CHINA yesterday offered to host talks between the United States and North Korea over their nuclear standoff and Russia said it planned to send a top official to key capitals to help find a diplomatic solution.

Efforts to defuse Korean nuclear crisis speed up

As international efforts to defuse the crisis speeded up, an Australian delegation flew to Pyongyang to discuss possible steps while senior US envoy James Kelly arrived in the Chinese capital after talks in Seoul with South Korean leaders.

Earlier, North Korea reiterated a demand for bilateral talks with the United States, a statement that appeared to hint that it, too, was looking to defuse the crisis after weeks of fiery anti-American rhetoric. Washington accuses Pyongyang of covertly developing nuclear weapons, a charge it denies.

“If the relevant sides are willing to hold dialogue in Beijing, I think we would have no difficulties with that,” Foreign Ministry spokeswoman Zhang Qiyue told reporters.

“We hope the United States and North Korea can resume dialogue swiftly because we think that talks are the most effective channel for resolving this problem,” she said.

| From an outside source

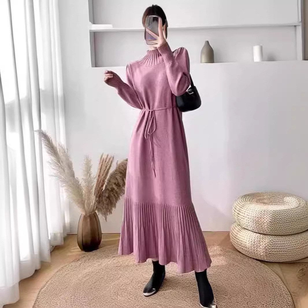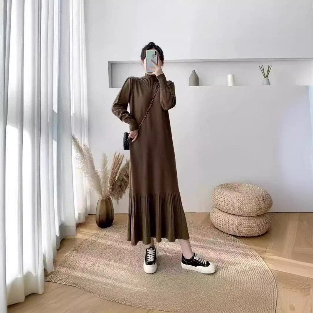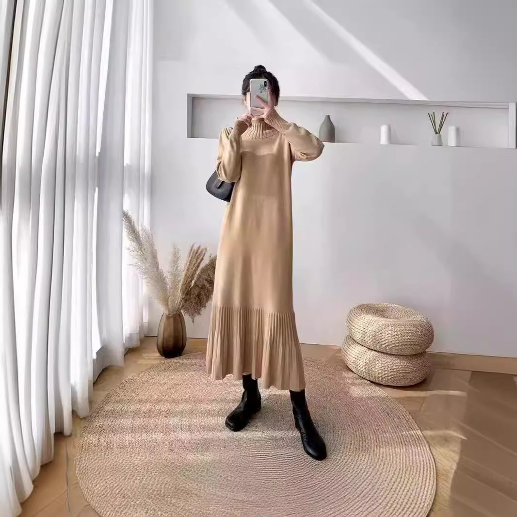 | nameOriginal | Long Sleeve Bottoming Knitted Sweater Dress Women's Autumn and Winter New Over-the-Knee Long Loose plus size Inner Long Dress Dress |

China, Pyongyang’s closest ally, has taken a relatively balanced approach to the nuclear dilemma, calling on the United States and North Korea to talk their way through the problem and keeping in regular contact with all the sides.

Meanwhile, Russia’s defence minister said President Vladimir Putin planned to send a special envoy to Pyongyang, Beijing and Washington.

“In the last few days certain hopeful steps and statements have emerged which I would say look to return the situation to what it was before the current crisis,” Defence Minister Sergei Ivanov said.

He said the man Putin was sending was Deputy Foreign Minister Alexander Losyukov, one of the ministry’s top Asian experts.

Secretary of State Colin Powell told The Wall Street Journal that if the North agreed to abandon its nuclear ambitions, Washington still would need “a new arrangement” that would better constrain Pyongyang’s ability to produce nuclear weapons. While that pact halted production of fissile material, it “left intact the capacity for production,” the Journal quoted Powell as saying. “I think, therefore, that we need a new arrangement and not just go back to the existing framework.”